Tommy Davis was a great young hitter well on his way to the baseball Hall of Fame when he suffered a terribly fractured leg that turned the cant miss superstar into a one legged pinch hitter. The tragic injury took place right in the middle of a pennant race when the Dodgers had narry a hitter in the lineup.

In those days, rules were different. The Dodgers looked around the minor leagues for a quick fix in left field and the best thing they could come up with was one eared Lou Johnson, a 30 something player who was setting a record for most teams and leagues played in.

Well, wouldn't you know it, Johnson turned out to be a find and got key hit after key hit, including the game-winning home run in the World Series, writing himself into the record books and acquiring the nickname "Sweet" Lou Johnson.

The Dodgers won the pennant and the world series, with great thanks to Sweet Lou, who, after all these years, is still employed by the Dodgers. He made the minimum salary for that year, but has earned hundreds of thousands of dollars since.

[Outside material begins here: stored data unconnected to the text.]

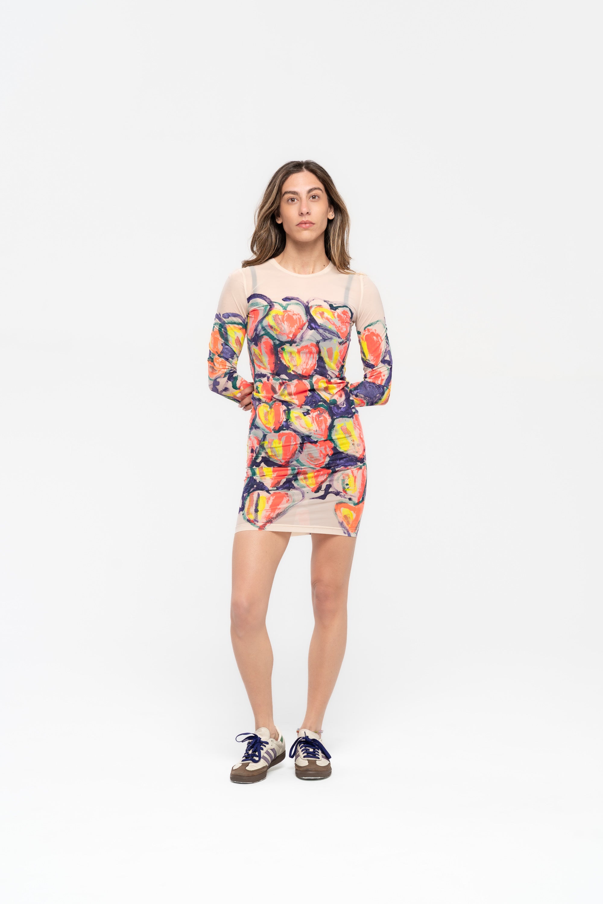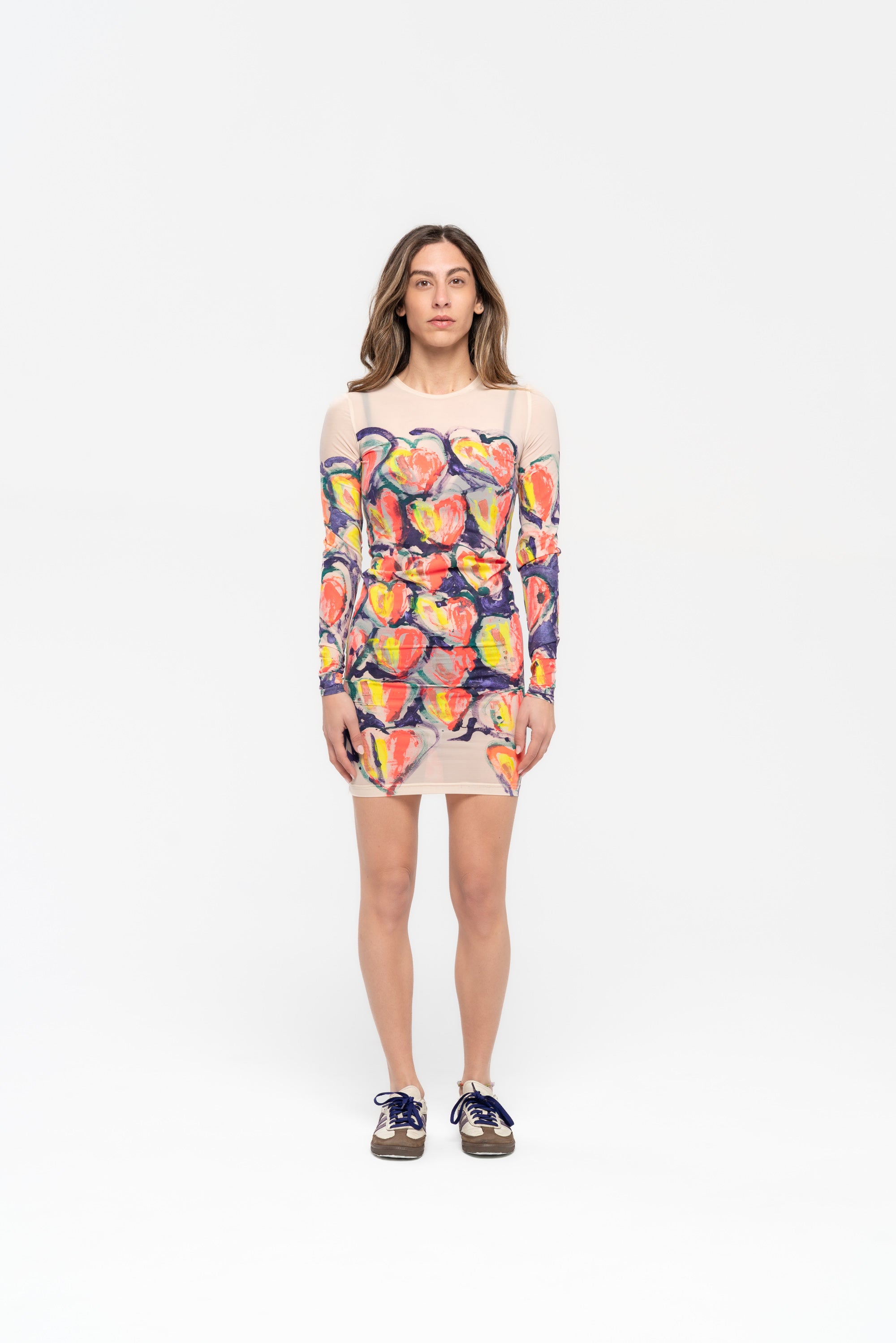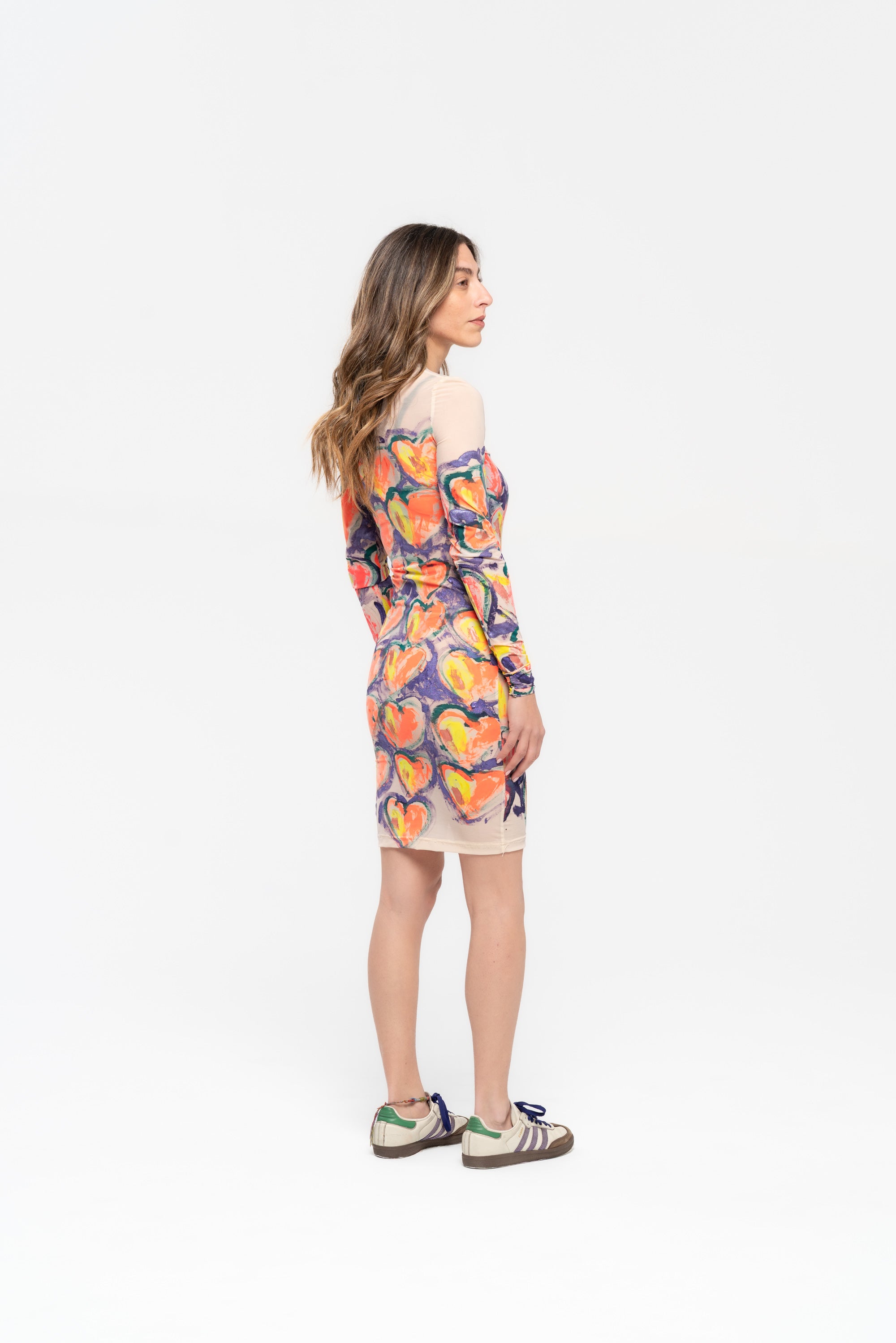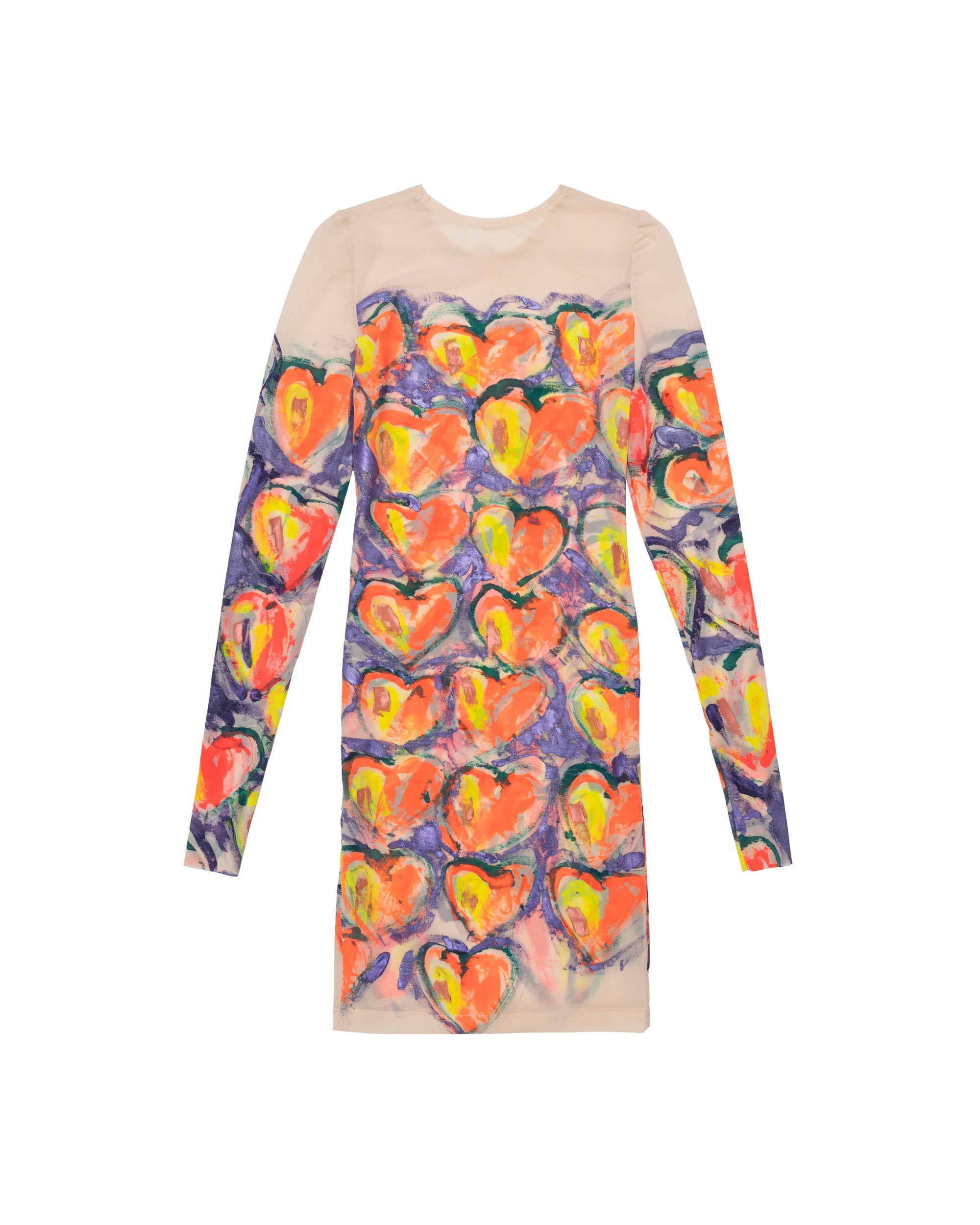 Long sleeved turtle neck mini dress in hand-painted jersey.
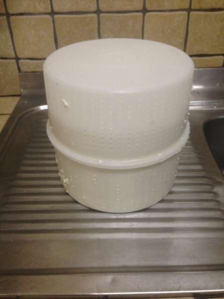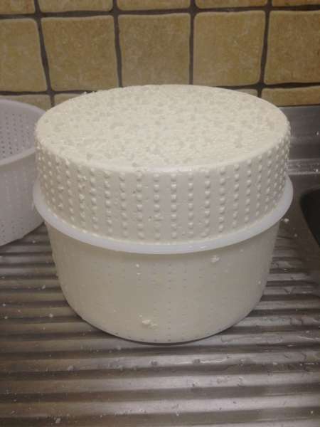 Per maltrattare il meno possibile la cagliata con aggiunte e rabocchi, ho riempito due fuscelle gemelle da 2.5 kg non appena si sono ritirate un pò le ho accoppiate l'una sull'altra grattando con una forchetta le due superfici che dovevano unirsi.
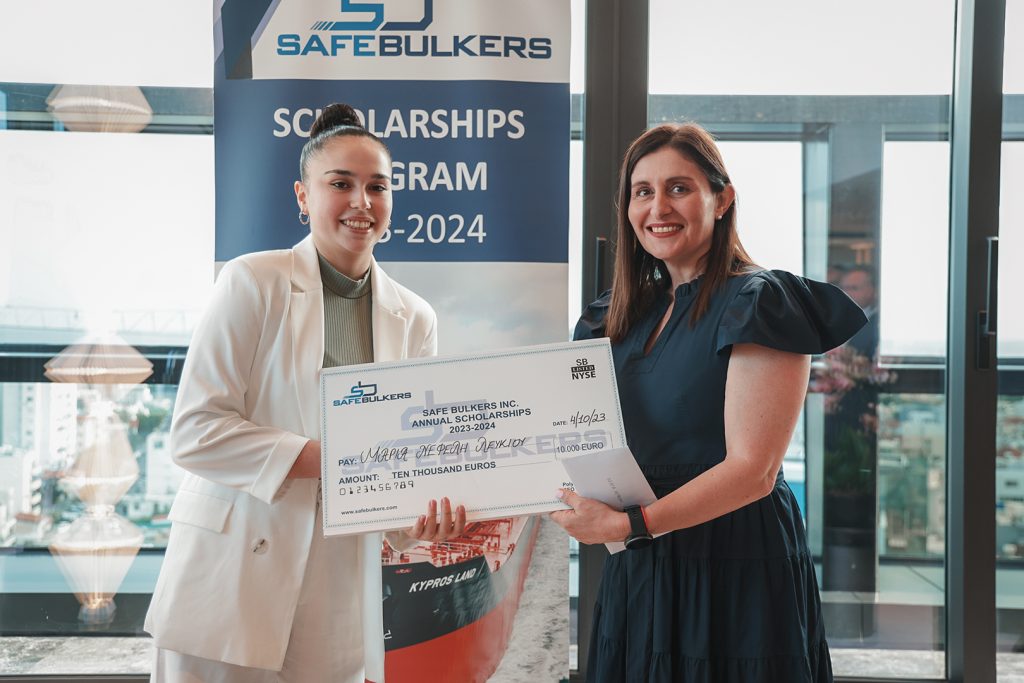 Η Safe Bulkers, Inc και ο Διευθύνων Σύμβουλός της, κ. Πόλυς Β. Χατζηωάννου, συνεχίζουν με συνέπεια για τρίτη συνεχόμενη χρονιά το ετήσιο πρόγραμμα υποτροφιών για Κύπριους πολίτες ή Έλληνες πολίτες εγκατεστημένους στην Κύπρο, που επιθυμούν να σταδιοδρομήσουν στον κλάδο της ναυτιλίας. Η εκδήλωση απονομής των υποτροφιών της Safe Bulkers, Inc. πραγματοποιήθηκε στις 4 Οκτωβρίου 2023, στα κεντρικά γραφεία της Εταιρείας στη Λεμεσό.

Every team hopes to find another Sweet Lou Johnson, an older player who had promise once who finally catches on and does something after a half a dozen or more years of obscurity. Could Fernando Tatis be the next Dodgers Sweet Lou Johnson? He is certainly worth a try.

Tatis, now 32, first came up to the Cardinals from that oasis of major league stars, San Pedro de Macaris, he was a power hitting third baseman destined for stardom. He had early flashes and then hit a wall. He'd get traded, given a short try at everyday play, and fall back. Then the process would start all over again. So Tatis moved around and around and around. He'd get short tries in the big leagues and, like his new Dodgers minor league player catcher buddy Ken Huckaby, move on.

Tatis' career big league batting average is .260, not bad by today's standards. He has had over 2,200 big league at bats - which is when old time scouts say you finally begin to master the art of hitting. Tatis is sure to start the season at Las Vegas.

The Dodgers have Olmedo Saenz a lock as a right handed hitting infield reserve although Saenz is a pinch hitter.

Andy LaRoche is the third baseman of the future but will either play everyday or go to Las Vegas for more seasoning.

Third base probable starter Wilson Betemit has to learn to hit from the right hand side of the plate like he does from the left to keep his job.

Fernando Tatis may never get to the big leagues this year, but he sure looks like a Sweet Lou Johnson "type." He's not likely to play much third if LaRoche is on board, but he'll get plenty of at bats in the hitters friendly Pacific Coast League and be ready if the chance comes.

Righty reliever Rudy Seanez, who pitched in the "strings" in Vero Beach's Dodgertown over a dozen years ago, is back, albeit with a minor league contract.

Seanez, 37, is ready if the righty Taiwanese flamethrower the Dodgers signed isn't healthy, if Yhency Brazoban takes longer to heal, if Elmer Dessens slips any more than he already has, if somebody would take Brett Tomko off the Dodgers hands.

That's a lot of ifs, but every big league team uses 17-18 pitchers in the course of a season and those odds are all in Seanez' favor.